> [EXERCISE GOAL]: All the lines below need to be output exactly, apart from any images.

> [DATA SHOWN]:
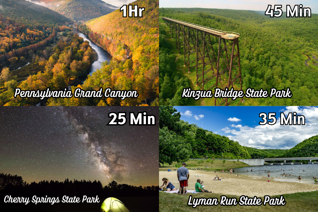 While you’ll have everything you need right on the property, Runway Retreat is also perfectly positioned to explore northern Pennsylvania’s most beloved attractions:
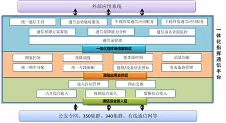 一体化指挥通信服务平台是一个融合式的应急通信保障平台,能集成整合多种通信网络资源,提供各种指挥通信手段,在公安遂行维稳处突、重大灾害救助和大型活动安全保卫等应急指挥调度任务时,能够满足多警种、跨部门的指挥员、支援人员和现场处置人员及各种公安信息化装备的通信需求及协同交互需求,可确保应急处置合理有序、反应灵敏,从而有效提升公安机关执行能力。
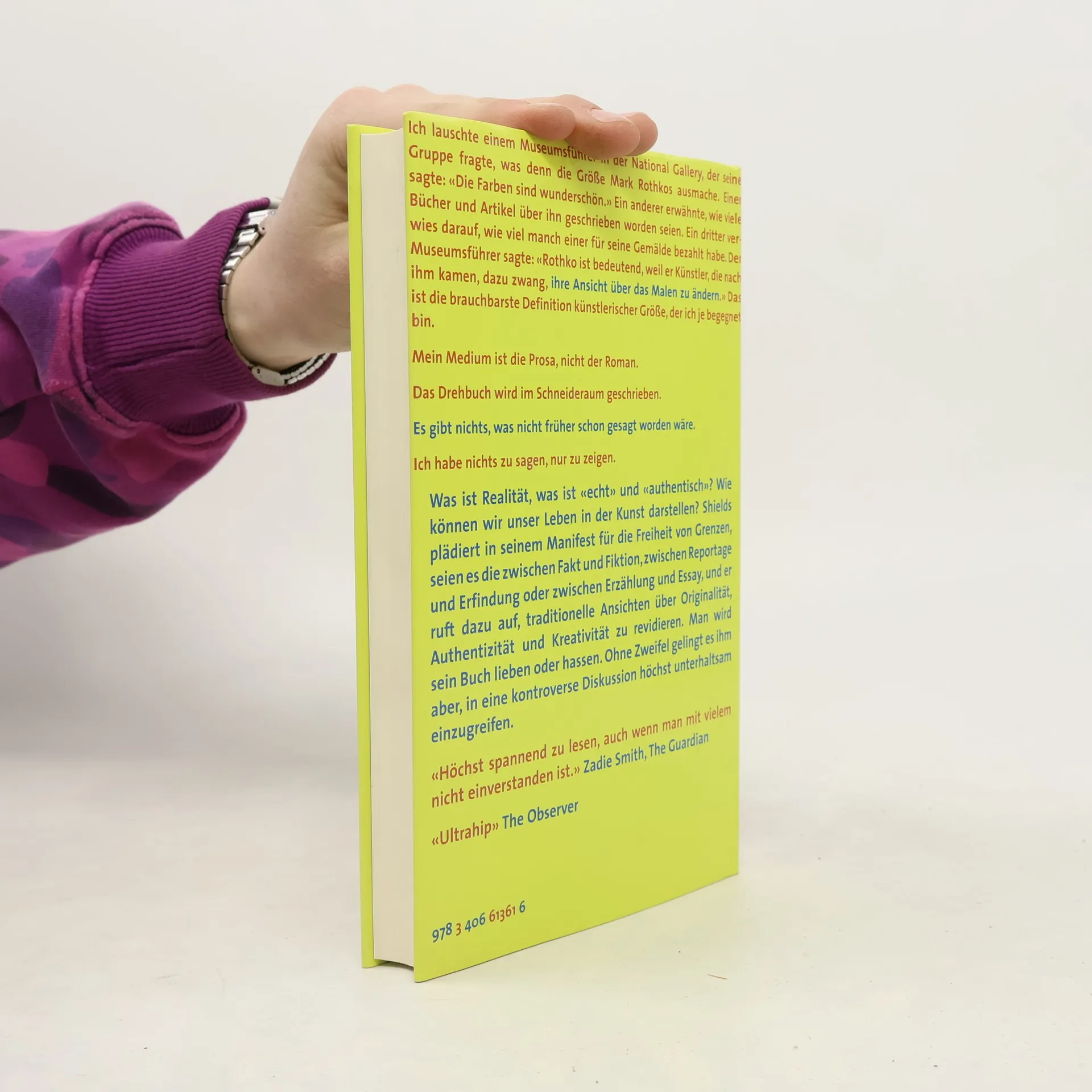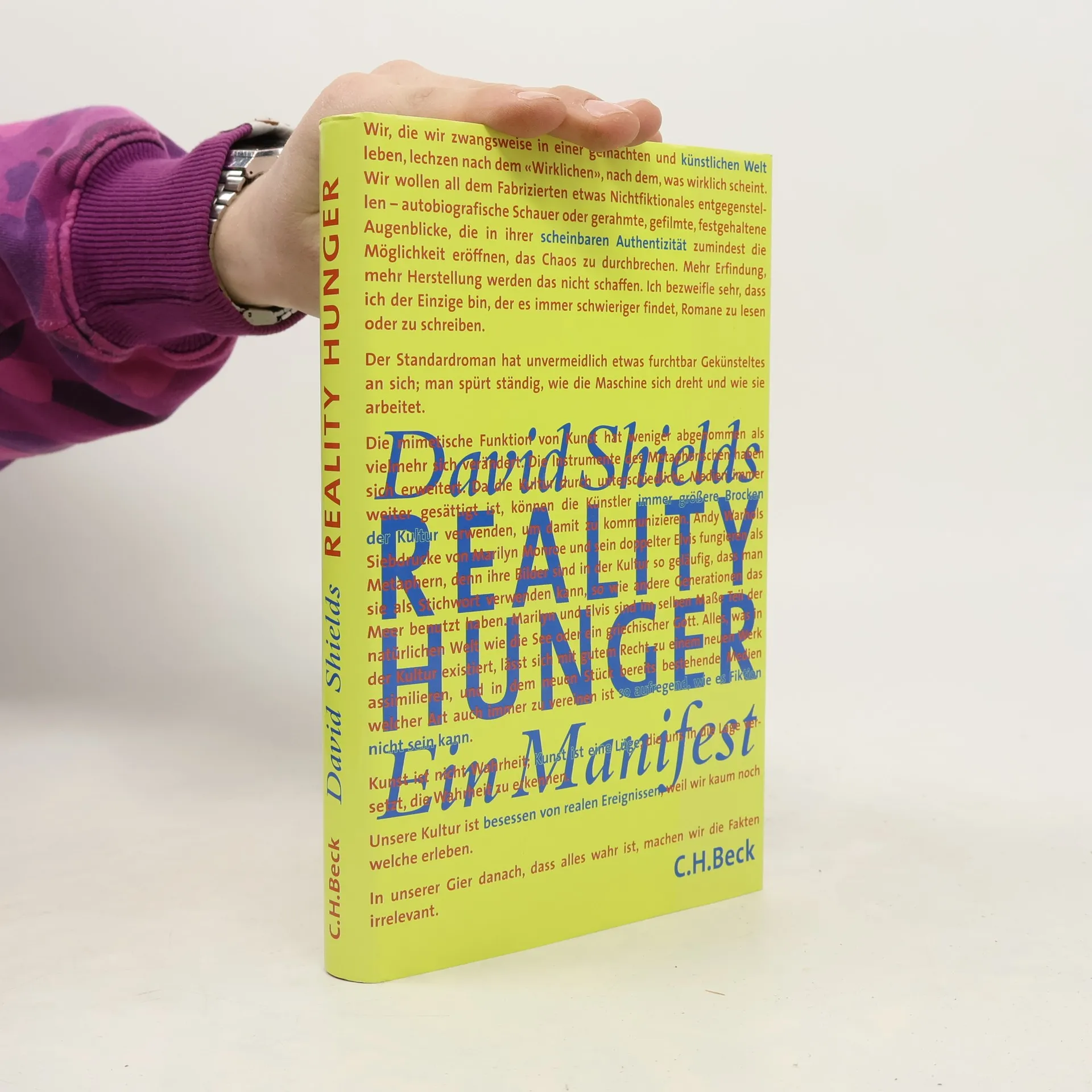 David Shields hat ein in den USA viel diskutiertes Werk verfasst, das leidenschaftlich und intelligent zu zentralen Fragen der Gegenwartskultur Stellung nimmt: Was ist Realität, was ist „echt“ und „authentisch“? Er verbindet klassische Denker wie Horaz, Nietzsche und Beckett mit der Google- und Facebook-Generation und beleuchtet die neue Kultur des Samplings und der kreativen Montage. Urheberrechte sowie die Forderung nach naturalistischer Erzählweise und linearer Handlung erscheinen ihm als Relikte einer vergangenen Ära. Shields plädiert für die Freiheit von Grenzen zwischen Fakt und Fiktion, Reportage und Erfindung sowie Erzählung und Essay. Sein provokantes und informatives Werk besteht größtenteils aus Zitaten, Aphorismen und Anekdoten anderer Autoren und regt dazu an, traditionelle Ansichten über Originalität und Kreativität zu hinterfragen. Leser werden seine Thesen entweder lieben oder ablehnen, doch er gelingt es, allen Seiten in der kontroversen Debatte auf unterhaltsame Weise die Gründe für ihre Argumentation zu liefern.

> [TASK RESPONSE]:
 While you’ll have everything you need right on the property, Runway Retreat is also perfectly positioned to explore northern Pennsylvania’s most beloved attractions:
 一体化指挥通信服务平台是一个融合式的应急通信保障平台,能集成整合多种通信网络资源,提供各种指挥通信手段,在公安遂行维稳处突、重大灾害救助和大型活动安全保卫等应急指挥调度任务时,能够满足多警种、跨部门的指挥员、支援人员和现场处置人员及各种公安信息化装备的通信需求及协同交互需求,可确保应急处置合理有序、反应灵敏,从而有效提升公安机关执行能力。
 David Shields hat ein in den USA viel diskutiertes Werk verfasst, das leidenschaftlich und intelligent zu zentralen Fragen der Gegenwartskultur Stellung nimmt: Was ist Realität, was ist „echt“ und „authentisch“? Er verbindet klassische Denker wie Horaz, Nietzsche und Beckett mit der Google- und Facebook-Generation und beleuchtet die neue Kultur des Samplings und der kreativen Montage. Urheberrechte sowie die Forderung nach naturalistischer Erzählweise und linearer Handlung erscheinen ihm als Relikte einer vergangenen Ära. Shields plädiert für die Freiheit von Grenzen zwischen Fakt und Fiktion, Reportage und Erfindung sowie Erzählung und Essay. Sein provokantes und informatives Werk besteht größtenteils aus Zitaten, Aphorismen und Anekdoten anderer Autoren und regt dazu an, traditionelle Ansichten über Originalität und Kreativität zu hinterfragen. Leser werden seine Thesen entweder lieben oder ablehnen, doch er gelingt es, allen Seiten in der kontroversen Debatte auf unterhaltsame Weise die Gründe für ihre Argumentation zu liefern.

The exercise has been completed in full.